I don't agree with that, at Christmas I give the whole family a list of things I would like my grandad refuses to use the list and has ended up giving things people don't want and don't like who then have to pretend to like it but in reality it gets shoved at the back of the wardrobe.
It is really hard to get away with ignoring a wish list and end up successful, my aunt can manage it but we like similar things.0 -
Given how they have been together for such a short period, I wouldnt spend a lot on a gift and perhaps just get a nice bottle of wine.
I cant believe how many people now expect guests to provide the dresses etc, if you cant afford the wedding you want then just simply pop and pay the registry office fee instead of putting the cost onto others.0 -
Thank you for all your replys.
OK I get a say in style of dress but not in colour - it has to be in pale pink - which I never wear because it makes me look drained. So Im unlikly to wear it again.
They have paid for wedding and hunnymoon - its all booked and paid for. So I think money will be used for everyday life.
Im in the process of buying my first house, im single and 24 so things will be tight.
The thoughts behind the chocs and champers was that it would help them get through opening the presents - I thought of it before she said they would like money. I would also be able to get champers and chocs on offer.
I feel money as a gift is like saying I think your worth £x
I intended to make a montage type thing of pics from the wedding and pics of the two of us, and decorate a lamp and shade in her wedding colours and to get two champange flutes engraved with her name, his name and the date of the wedding. But hoped some savy money savers would have some extra ideas.Advice is like snow, the softer it falls the longer it dwells and the deeper it sinks :beer:
If anyone ever complains about new shoes, ask them if they have heard of cinderalla - a piar of shoes really can change a girls life :dance:0 -
Traditioally wedding gifts were given to help a couple set up home together. All donations were gratefully accepted from a tea towel to a toaster.
When I married 25 years ago it wasn't even acceptable to ask for a particular colour scheme for towels or bedding.

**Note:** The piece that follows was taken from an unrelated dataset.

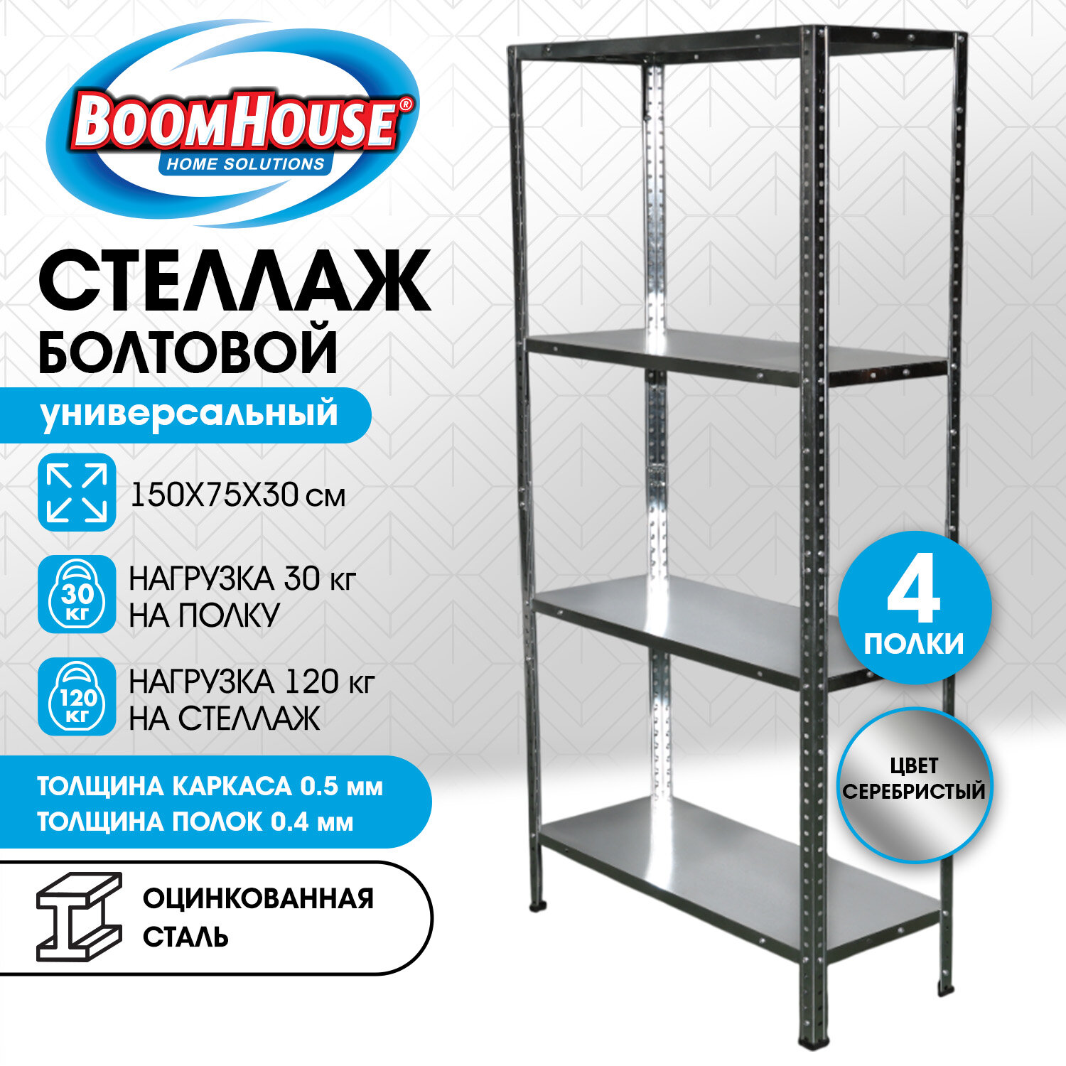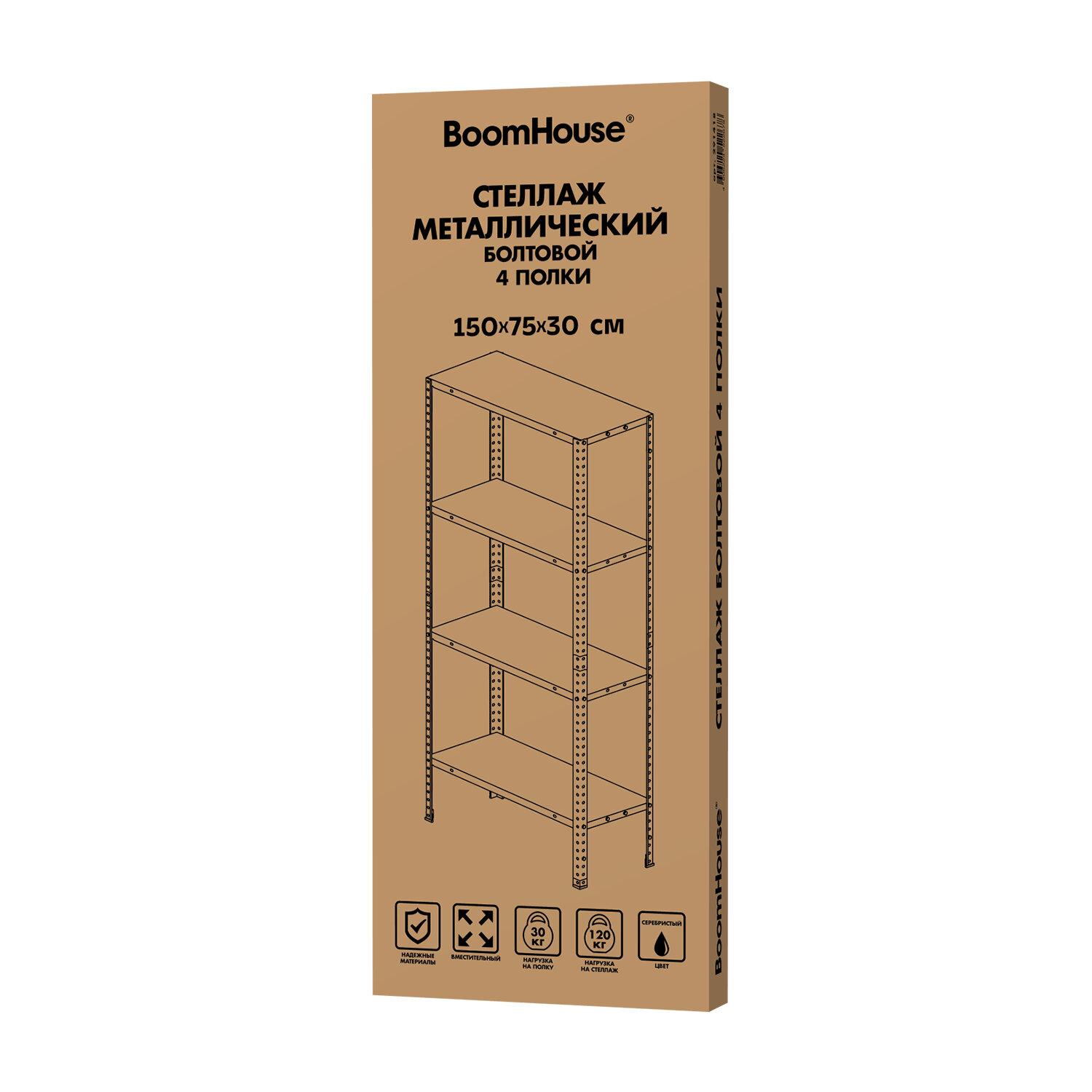 Стеллаж металл BOOMHOUSE (БУМХАУС) в1500*ш750*г300мм, 4 полки, нагрузка на стеллаж до 120 кг, серебристый Код товара: 291418 1 808 ₽ Купить Производитель:BoomHouse Металлический стеллаж BOOMHOUSE собирается с помощью болтов, за счет чего достигается устойчивая конструкция. Простой и экономичный способ организовать хранение вещей. Предназначены для хранения документов и различных грузов в офисе, на складе, в архиве. Возможны два варианта сборки стеллажа. Высокий единый стеллаж (150 см) благодаря сборке стойки, или 2 невысоких (75 см) раздельных стеллажа. Стеллаж изготовлен из оцинкованной стали, что позволяет его использовать в помещениях с повышенной влажностью. Для повышения жесткости всей конструкции верхнюю и нижнюю полку нужно усилить дополнительными Г-образными уголками (поставляются в комплекте). Максимальная нагрузка на полку - до 30 кг, на стеллаж - до 120 кг. Шаг регулирования высоты полок – 25 мм. Стойка имеет разборную конструкцию, благодаря чему стеллаж поставляется в компактной упаковке. Комплектуются подпятниками, предохраняющими пол от повреждений. Вся необходимая фурнитура для сборки в комплекте.Производство: КитайТип товара: стеллаж (комплект)Высота стеллажа: 1500 ммШирина стеллажа: 750 ммКоличество полок: 4 шт.Глубина стеллажа: 300 ммНагрузка на полку: до 30 кгШаг установки полок: 25 ммТип соединения: на болтахМатериал: оцинкованная стальМатериал полок: оцинкованная стальЦвет каркаса: серебристыйЦвет полки: серебристыйПоставляется в разобранном виде: даВес: 5,7 кгРазмер упаковки: 6.3 × 80 × 31.5 смОбъём: 0.0159 м3Промежуточная упаковка: 1 штТранспортная упаковка: 1 штШтрих-код: 4606224522678 Приложение-1.pdf
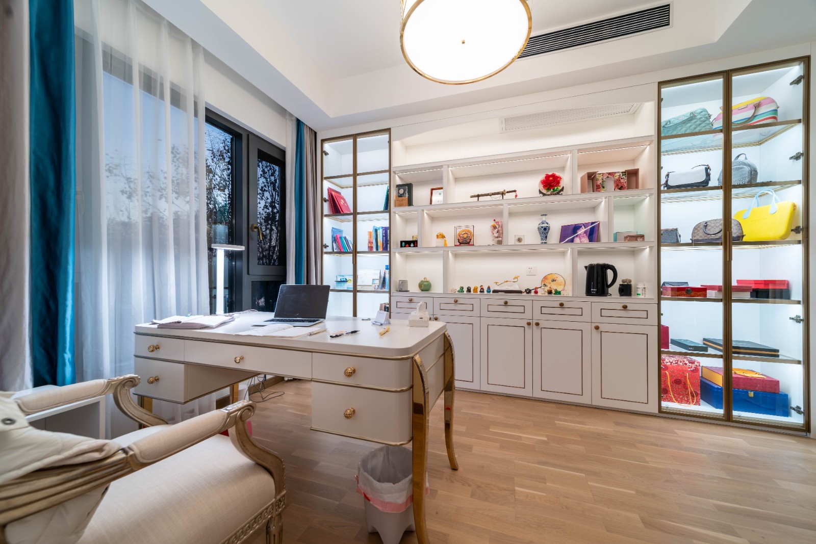 走進女主人的衣帽間,奶油色與金邊鑲嵌的入墻展示柜,將優雅與精致的氣質拿捏了。氛圍燈光在柜內渲染出柔和的光線,增加了層次感。U型衣帽間,收納充足而有序。這里還承載了女主人辦公的功能,工作之余,就能眺望窗外的美景。

A gift is just that a gift. Money is not a gift it's a cash donation. They have can obviously afford a honeymoon as they must have already booked as you cannot book on the hope you will get enough cash from guests (technically paying guests)!
If the happy couple have all they need for their home then they should tells guest this. They should not ask for money instead, no matter how pushed - it's bad manners! Some guests will probably give a gift (or voucher) anyway but it should not be expected.
~Laugh and the world laughs with you, weep and you weep alone.~:)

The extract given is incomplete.